Tuesday, April 5, 2011

Jason-Roy-4/6


            The ways in which the powerful and the powerless appear in Roy’s novel seem to be split along lines one would assume they would be split along. Class position, religion, political alignment, skin color, age, etc. Sophie Mol seems an embodiment of all that is deemed powerful, at least by the family. Though the love she is the focus of (which she seems to not reciprocate or even be interested in) ultimately doesn’t save her from drowning. Though in some way her place in the family’s “heart” does appear to haunt Rahel and Estha endlessly.
It seems that the greatest determining factor, in terms of who’s powerful and who’s powerless, is the degree or amount one is loved.
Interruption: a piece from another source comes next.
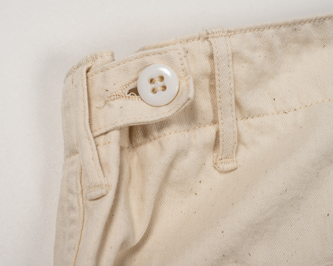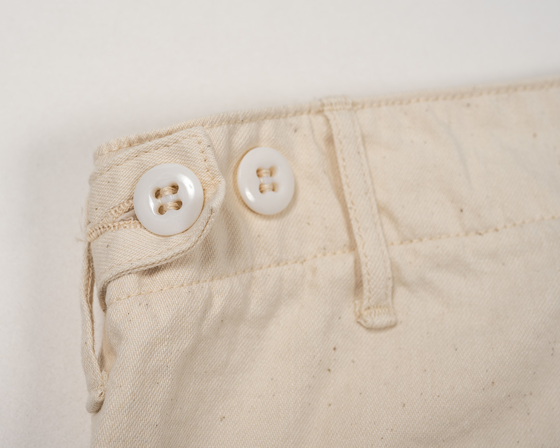 ボタンで閉じてちょうどよいサイズ感ではくと、ヒップにゆとりが出ます。つまり、ボタンを外側にとめている状態ではちょっと緩いかな?ぐらいのサイズを選んでいただくとベストです。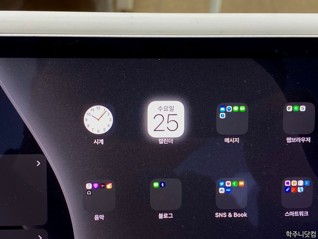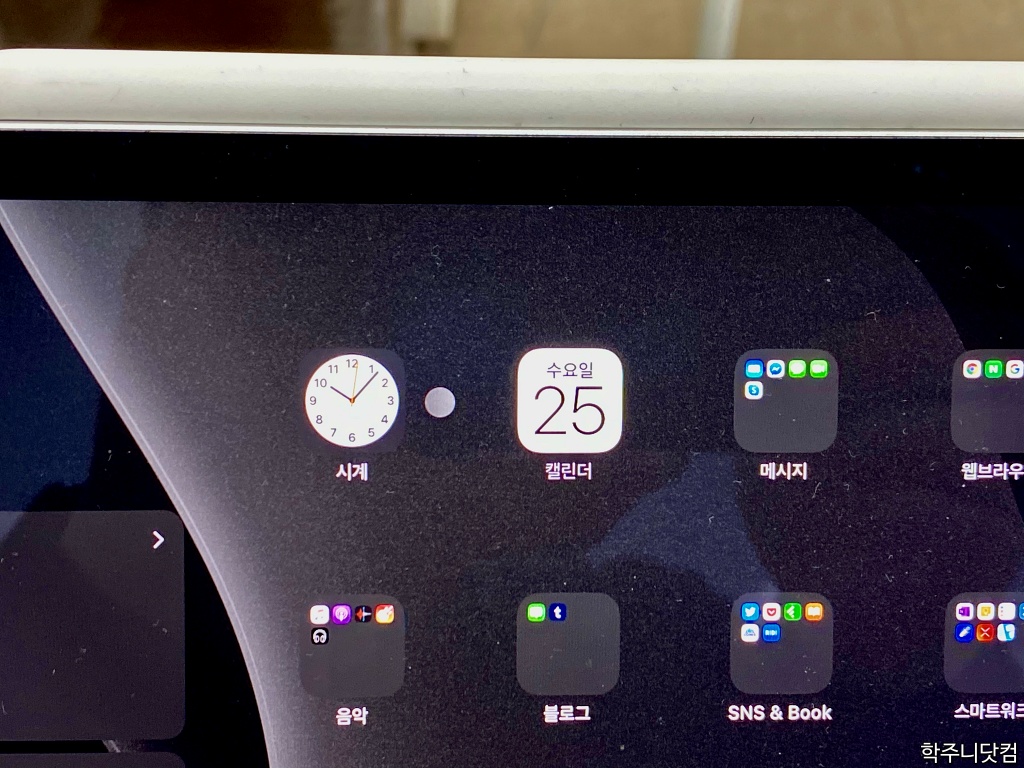 그런데 마우스 포인터를 아이콘 위에 두면 위와 같이 해당 아이콘을 강조하는 식으로 변경이 된다. 좀 더 확실하게 클릭을 해서 선택할 수 있게 하겠다는 의미로 보인다. 어차피 아직까지 iPadOS에서의 마우스 포인터 기능은 터치를 기반으로 움직이는 아이패드의 터치 보조장치 수준이다. 물론 기능이 좀 더 많아지기는 했지만 말이다. 그렇기 때문에 저렇게 함으로 터치하는 것을 대신하는 동작이 더 명확하게 보이는 것이 좋을 듯 싶기도 하다.

This didn’t seem to come up in Roy’s speech specifically but does in the novel. Rahel and Estha (though particularly Rahel) seem to be focused on the amount they perceive their mother to love them. In their eyes, this entity, love, is what can give them power. The weighing Rahel and Estha do, to determine their moth’s love for them, seems to be set against the perception they have that Sophie Mol is ubiquitously loved by everyone in their family perhaps to a “larger amount” then anyone loves them. Only Velutha seems to unconditionally love both Rahel and Estha.
            In terms of a political perspective, maybe this child-like rendering of power dynamics is really at the heart of all political discourse. The state or the status quo, or the traditional manners of hierarchical structure, embodied by Inspector Thomas Mathew and the police, Baby Kochamma and Mammachi, Comrade Pillai, seem to all be in the business of determining who can be loved, how much, and by who. By doing so it is possible to dictate who interacts with who, who has relationships with who, and determine what the structure and face of social dealings look like. This is made clear by Ammu’s relationship with Velutha (a touchable and an untouchable) one that’s forbidden by societal traditions as well as Rahel’s relationship with Estha and what it culminates in. It’s possible that in Roy’s depiction of the interference of political systems and traditions on interpersonal relationships, specifically Ammu’s and Velutha’s, she implies that it sets a dangerous precedent for the generations that follow. That these types of restrictions are the source of all ensuing problems.